Warum nicht? Eine Herberge ist weder Hotel, noch Seminarzentrum.
Eine Herberge bietet dir Schutz vor Kälte, vor Einsamkeit, vor Abwegen.
Ja, in einer Herberge kannst du nach dem rechten Weg fragen, wenn du dich ein Stück weit verlaufen hast, im äußeren oder im inneren Leben. Das Seelenleben ist natürlich unser wichtigstes Leben.
Darum der erste Wortteil: Tugend. Es ist ein altes Wort, aber brandaktuell, weil gerade das Fehlen von Tugenden im persönlichen und gesellschaftlichen Leben dazu geführt hat, dass wir heute vor einer relativ seelenlosen Welt stehen. Tugendhaftigkeit bedeutet die Kultivierung unserer Seelenkräfte, damit wir ein harmonisches inneres und äußeres Leben führen können.
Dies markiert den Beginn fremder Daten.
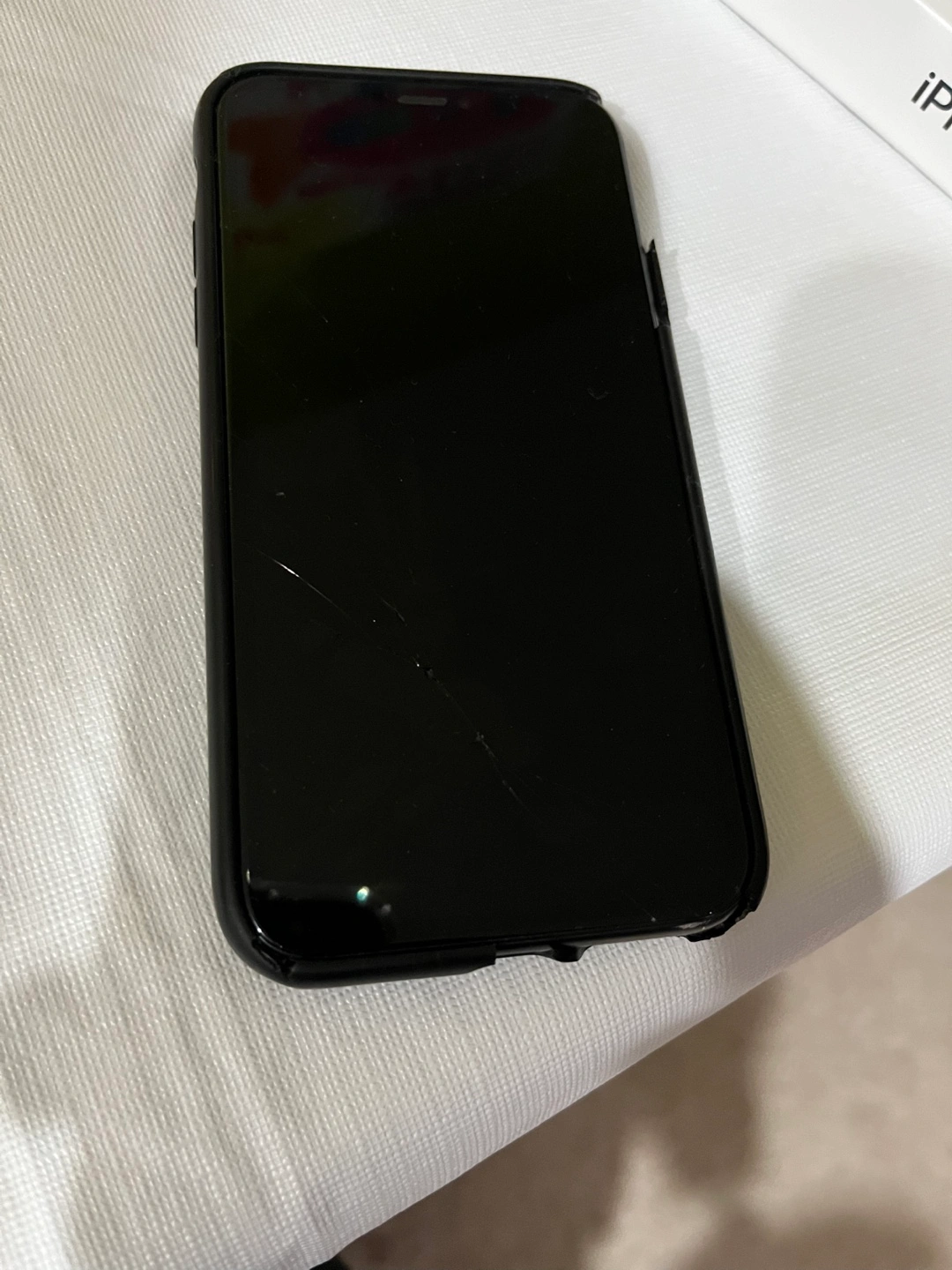 Cracked screen, as a result the black marks are on the screen. Screen still does work and is functional. Battery health is at 79%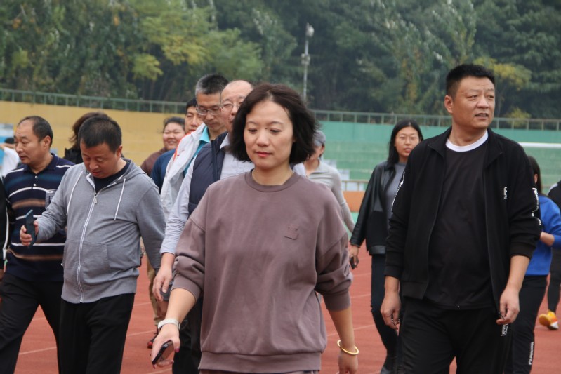 比赛还未开始,老师们已经陆续来到运动场集合,为活动积极热身。“喜庆二十大,开启新征程——金秋健步走活动”红色条幅醒目热烈。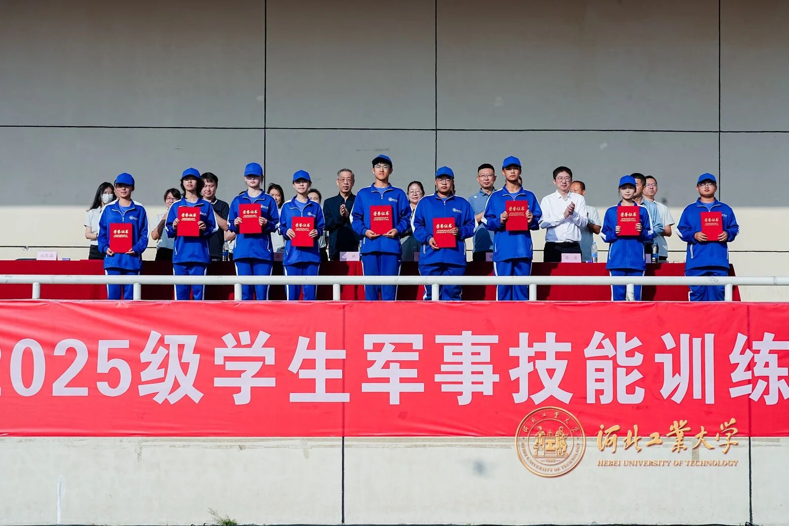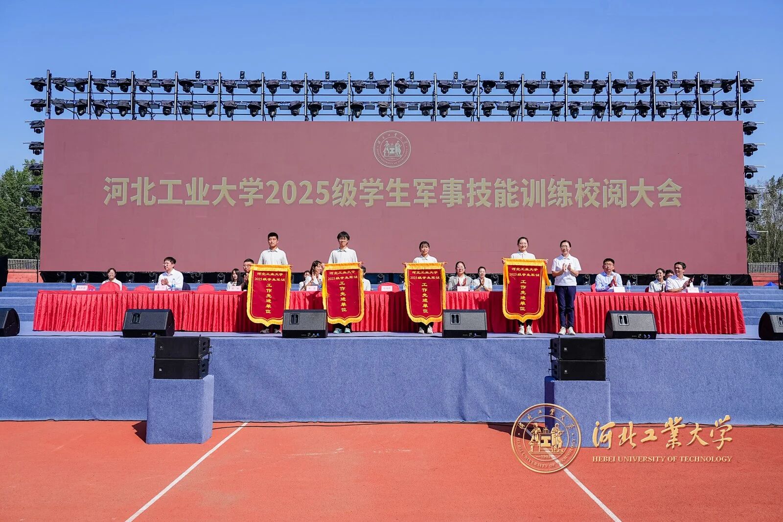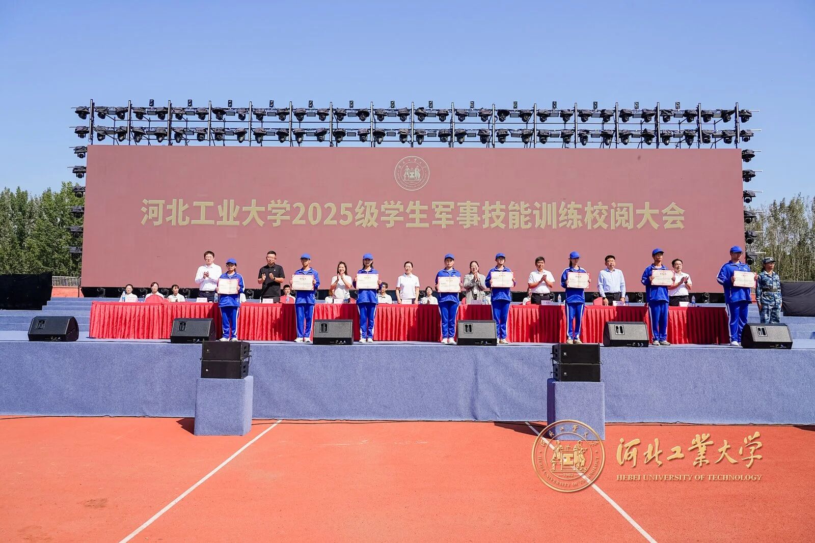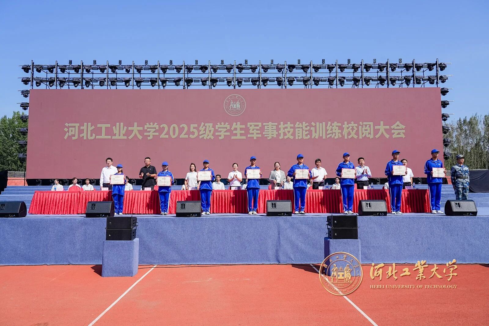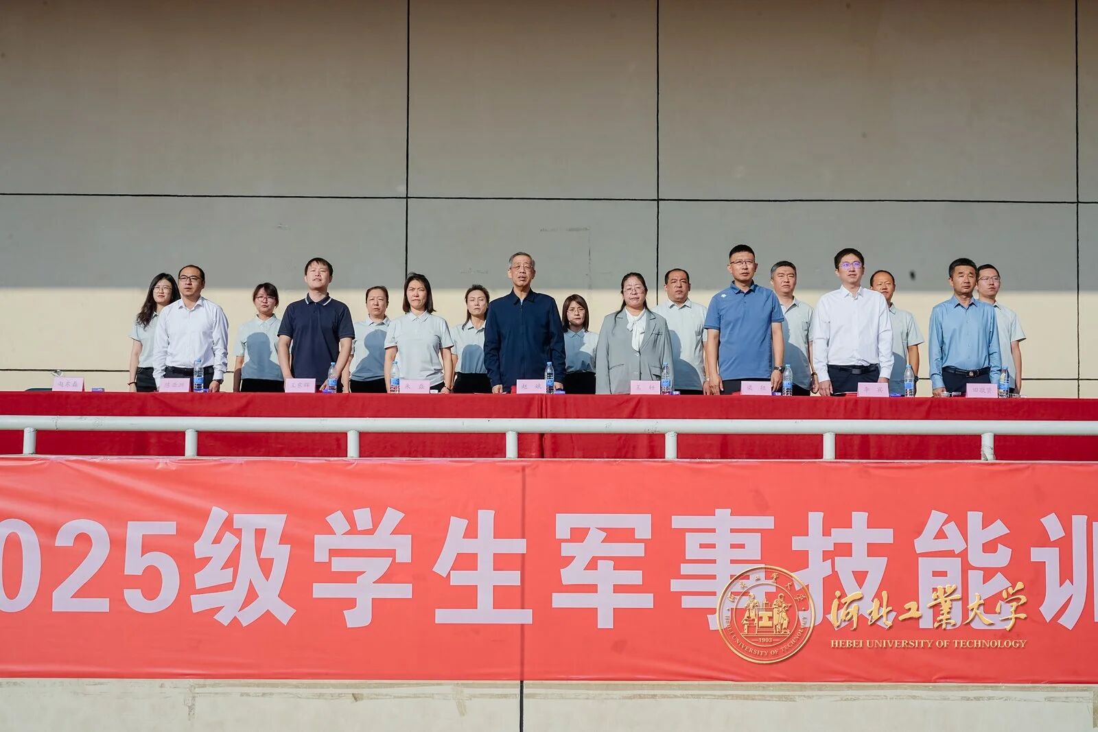 風拂征衣秋意爽,軍姿如柏氣軒昂。9月20日上午,河北工業大學2025級學生軍事技能訓練校閱大會在紅橋校區東院操場與北辰校區體育中心相繼舉行。校黨委副書記趙斌,校黨委常委、副校長陳鴻雁出席大會。校內各單位、部門負責同志,各學院軍訓工作領導小組負責人、承訓教官、2025級學生輔導員和2025級全體本科生參加大會。

Apropos Seele. Was bedeutet das wirklich, die Seele befreien? Fangen wir beim Konkreten an. Wir wissen alle, wie sich ein seelenloses Leben anfühlt. In unserem individuellen, alchemistischen Opus (Lebensdrama) erfahren wir, wie es sich auswirkt, wenn uns das Licht, die Brennkraft und das schöpferische Potential der Seele nicht zur Verfügung stehen. Wir fühlen uns getrennt von Gott und der Welt und am meisten von uns selbst.
Doch sobald das Licht der Seele zurückkehrt, beginnt eine graue Welt voller Probleme zu funkeln; die vielfältigen Qualitäten der Schöpfung werden dann sichtbar. Statt der endlosen Jagd nach Vergnügen ruft uns jetzt das Leben zur sinnvollen, leidenschaftlichen Teilhabe. Die Farben des Lebens sprechen wieder zu uns, erzählen uns ihre Geschichte, singen uns ihr Lied. Die Musik im Leben kehrt zurück, eine Musik, die die lebendige Schöpfung ist. Ein wirklicher Dialog zwischen unserem innerem Selbst und unserem äußeren Leben entfaltet sich, indem wir unmittelbar an dem sich enthüllenden Mysterium unseres lebendig werdenden Lebens teilhaben.
Darum hätten wir das Haus auch fast „das mystische Nest“ genannt. Weil die Herberge als Ort der Geborgenheit gedacht ist, wo die Seele in uns selbst und in der Welt lebendig werden kann.
Aber bitte nicht falsch verstehen. Mystik hat nichts mit Religion zu tun. Mystik ist natürliche Hingabe, ist Versöhnung mit allem, was ist in jedem Moment. Mystik ist also keine Flucht aus der Welt, sondern eine beständige Prüfung, ob wir mit der Welt in uns im Frieden sind.
Die Natur der Seele ist eine Wesensqualität, in der die Dinge einfach sind. Hier IST Frieden, IST Liebe und IST auch Macht. Wir werden diese Qualitäten nie bemerken und schon gar nicht wirklich leben, wenn wir dem Verlangen folgen, dem Gewöhnlichen, dem Weltlichen und Menschlichen zu entkommen, gefangen in den Fantasien und Dramen, die unser modernes spirituelles Leben durchdringen. Wenn wir nicht von der scheinbaren Komplexität des Lebens und den kollektiven Zerstreuungen abgelenkt sind, haben wir Zugang zu einer natürlichen Macht: die Macht, unser gemeinsames Leben in Ordnung zu bringen, sprich: zu heiligen.
Wenn wir das Natürlichste und Einfachste zulassen, gewinnen wir die spirituelle Kraft zurück, von der uns die Illusionen des Lebens so hartnäckig fernzuhalten versuchen.
Darum also „die Tugendherberge“, um einen Ort zu haben, an dem es leicht fällt, gemeinsam mit anderen das Licht der Seele wieder aus dem Würgegriff des Materialismus zu befreien, um andere Qualitäten im Leben zu erwecken, um andere Träume zu träumen, denen man gerne folgt.
Wenn wir gemeinsam unser Seelenleben stärken, werden wir das Leben anders wahrnehmen, wird eine andere Welt sichtbar werden.
Solange Materie tot ist und die Seele schläft, sind wir leicht durch die Attraktionen des Materialismus zu verführen. Wir sehen nichts anderes, was uns erfüllen könnte. Aber wenn wir zu unserer seelischen Wirklichkeit erwachen, sehen wir plötzlich eine andere Welt, die nicht dem Kaufen und Verkaufen angehört, sondern dem Mysterium der Seele.
Wer möchte nicht von problematischen Ansprüchen und Annehmlichkeiten zur Einfachheit der Liebe zurückkehren?
Wir hoffen sehr, dass die „Tugendherberge“ ein Beitrag zur Neuordnung einer seelenvolleren Gesellschaft ist.